И «Застава Ильича» заканчивается ведь мировоззренческим тупиком. Помните, там главный герой спрашивает отца: «Как мне жить?» А тот говорит: «Откуда я знаю? Я ведь младше тебя». И поколение отцов не может ответить. Прав, конечно, был Аннинский, что через головы отцов пытались найти ответы у дедов, поэтому и революционный патруль ходит по Москве. Но и деды не могут дать ответа. Понимаете, «Застава Ильича» — это граница, обозначение границы. Поэтому трагедия мировоззренческая, трагедия поверхностности этого поколения у Шпаликова была отрефлексирована и прочувствована раньше, чем у многих других. И вообще читайте его, потому что такие сценарии, как «Девочка Надя…», или в особенности «Прыг-скок, обвалился потолок», некоторые мотивы которого вошли потом в «Нежный возраст» у Соловьёва, — это классика.

«Иглой в памяти сидит фраза инженера Гарина о человеке: «Ничтожнейший микроорганизм, вцепившийся в несказуемом ужасе смерти в глиняный шарик земли…» Если Алексей Толстой имел в виду Ленина, угадал ли он суть взглядов вождя на человечество?»

Конечно, угадал. Понимаете, Ленин где-то (в какой-то из стенограмм я это нашёл), когда он говорит, как мучительно рождается в России новое, как мучительна эволюция, он говорил: «Это как природа, когда женщина превращается в орущий, обезумевший от боли кусок мяса». Вот так он сказал. Он умел сильно выразиться. Так вот, этот «кричащий кусок мяса» — да, наверное, таковым было мнение Ленина о человеке. «Мясо». Он всё-таки понимал, что он имеет дело с биомассой, которую ещё только надлежит воспитать, одухотворить и так далее. Его мнение о человеческой природе было довольно низменное.
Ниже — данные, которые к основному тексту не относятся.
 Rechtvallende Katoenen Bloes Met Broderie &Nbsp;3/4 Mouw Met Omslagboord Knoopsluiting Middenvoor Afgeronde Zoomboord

Он поэтому и верил в то, что человек ещё только становится, что человек находится в процессе становления.

Я не знаю, кстати, мнения Ленина о Дарвине, и не знаю, читал ли он его толком, но ведь Маркс — это прямой аналог Дарвина, его продолжение (во всяком случае эта революция была синхронной). Аналог в том смысле, что человек — это результат внешних условий, адаптации к ним. И в этом смысле Ленин совершенно искренне полагал, что если создать здоровые условия, то удастся создать идеального человека. Он абсолютный материалист, и мнение его о человеке было мнением материалиста — «кусок глины», «душонка, обременённая трупом» (да и душонка так себе). То, что это фраза о человеке, то, что Гарин — это Ленин в его главных чертах? По-моему, безусловно. По-моему, это лучшее описание Ленина, если не считать портрет у Куприна в очерке.
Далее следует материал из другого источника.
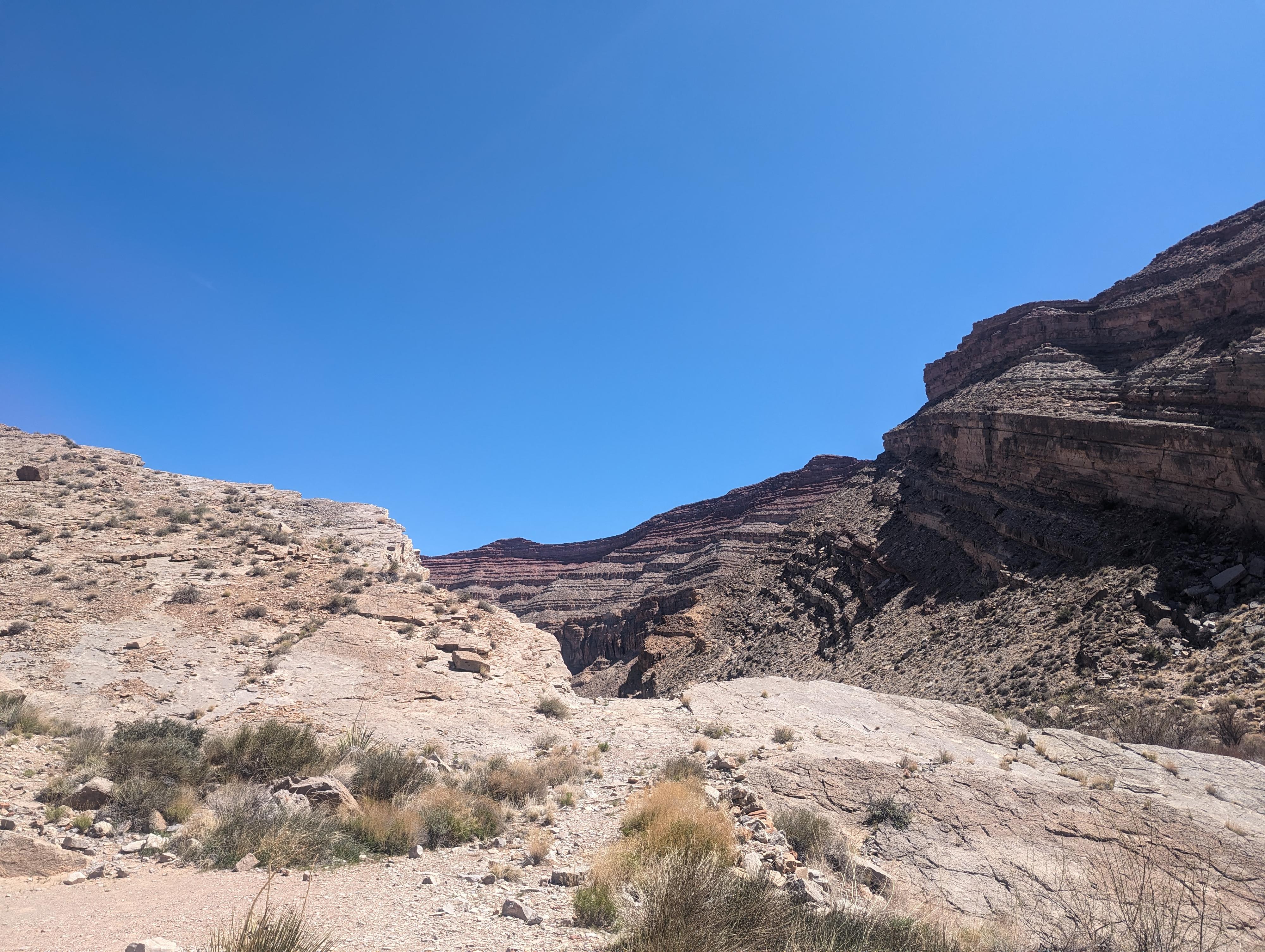 The old road cut through a rock layer. Easy walking!

«Режиссёр Марлен Хуциев долго работает над фильмом «Невечерняя» о встречах Толстого и Чехова…» А я смотрел некоторые куски ещё тогда, когда они были показаны в «Белых Столбах». В общем, насколько я знаю, эта работа в общих чертах близка к завершению. «Как вы думаете, актуальна ли такая масштабная тема?»